The Gedlee Metric Demystified

Huh? Loudspeaker distortions can be orders of magnitude greater than good amplifiers, and will often dominate. Cross-over distortion at the levels seen in early transistor/transformer push-pull amps is very much a thing of the past, good solid state amps can be < 0.01% distortion, which is basically well below audibility, be it all 2nd order or 10th order.

The nice thing about THD is its simplicity - if the value is low eough you don't have to worry about the kind of distortion, and if you do have to worry about the kind of distortion then the residual or distortion spectrum are both much more imformative than any single metric. However just testing at 1kHz is insufficient, and the graphs of THD v. frequency and v. level are much more useful to have.
This is true of Gedlee metric too - testing only at 1kHz is not enough, many distortions rise rapidly with frequency.

The elephant in the room however is less nicely behaved distortions, like thermal and other memory effects, they are the trickiest to characterize and may be slipping through testing in some cases, being history-sensitive.
 
This is true of Gedlee metric too - testing only at 1kHz is not enough, many distortions rise rapidly with frequency.
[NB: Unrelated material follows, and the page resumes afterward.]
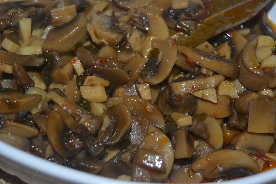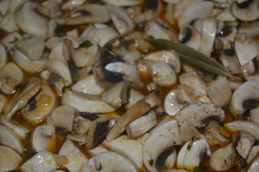 Añadimos los champiñones, la pimienta molida, la hoja de laurel y la sal, removemos de vez en cuando hasta que se pongan tiernos y apartamos.

The elephant in the room however is less nicely behaved distortions, like thermal and other memory effects, they are the trickiest to characterize and may be slipping through testing in some cases, being history-sensitive.

Why only 1kHz? You can apply the metric at any frequency just like THD.

There are no thermal nonlinearities in loudspeakers, I know, I checked.

"Memory effects" - what are those? In nonlinear analysis this usually means that the nonlinearities are frequency dependent, and "memory" refers to this effect. It is accounted for in the metric if you do it correctly.